Link to original paper: https://arxiv.org/abs/1706.03762
Before Transformers, RNNs like LSTM and GRUs have been dominant in sequence-modeling tasks but RNNs process sequences sequentially, which limit parallelization RNNs and CNNs also struggle with handling longer sequences because RNNs suffer from vanishing gradients and lose information from earlier time steps and CNNs require large kernel sizes to capture long-range dependencies between distant patterns in data through convolutional operations. During the time of the publishing of this paper, self-attention has been picking up because they are effective in capturing dependencies in sequences, and they are usually employed alongside recurrent architectures.
So the Transformer model stands out as the first model relying entirely on self-attention for computing representations of both input and output without the use of sequence-aligned RNNs or convolution.

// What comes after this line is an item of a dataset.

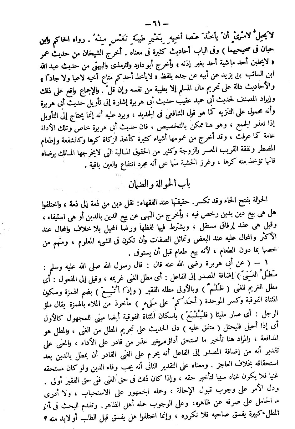 1- عن أبي هريرة رضي الله عنه قال قال رسول الله صلى الله عليه وسلم: "مطل الغني " إضافة للمصدر إلى الفاعل أي مطل الغني غريمه وقيل إلى المفعول أي مطل الغريم للغني "ظلم" وبالأولى مطله الفقير "وإذا أتبع" بضم الهمزة وسكون المثناة الفوقية وكسر والموحدة "أحدكم على مليء" مأخوذ من الملاء بالهمزة يقال ملؤ الرجل أي صار مليئا "فليتبع" بإسكان المثناة الفوقية أيضا مبني للمجهول كالأول أي إذا أحيل فليحتل متفق عليه دل الحديث على تحريم المطل من الغني والمطل هو المدافعة والمراد هنا تأخير ما استحق أداؤه بغير عذر من قادر على الأداء والمعنى على تقدير أنه من إلى الفاعل أنه يحرم على الغني القادر أن يمطل بالدين بعد استحقاقه بخلاف العاجز ومعناه على التقدير الثاني أنه يجب وفاء الدين ولو كان مستحقه غنيا فلا يكون غناه سببا لتأخير حقه وإذا كان ذلك في حق الغني ففي حق الفقير أولى ودل الأمر على وجوب قبول الإحالة وحمله الجمهور على الاستحباب ولا أدري ما الحامل على صرفه عن ظاهره وعلى الوجوب حمله أهل الظاهر وتقدم البحث في أن المطل كبيرة يفسق صاحبه فلا نكرره وإنما اختلفوا هل يفسق قبل الطلب أو لا بد منه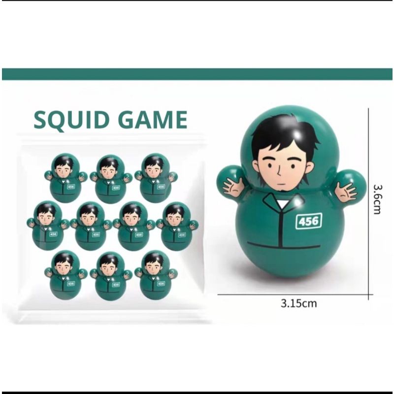 Mainan Tumbler berayun boneka goyang squid game Mainan boneka viral kecil mainan karater squid game doraeman dan pikachu

Let’s pretend we are training the Transformer model to translate English sentences to French sentences. Let’s feed the training set of english and french sentence into the model.
Step 1 (Word Vectorisation): convert the input (English sentence) and output (French sentence) sequences using a word-embedding layer into vectors of dimension $d_{model}$. Same weight matrices are used for both the embedding of input and output tokens and the pre-softmax linear transformation layer in the decoder. This allows for a learned shared set of parameters for both token embeddings and final token prediction step in the decoder.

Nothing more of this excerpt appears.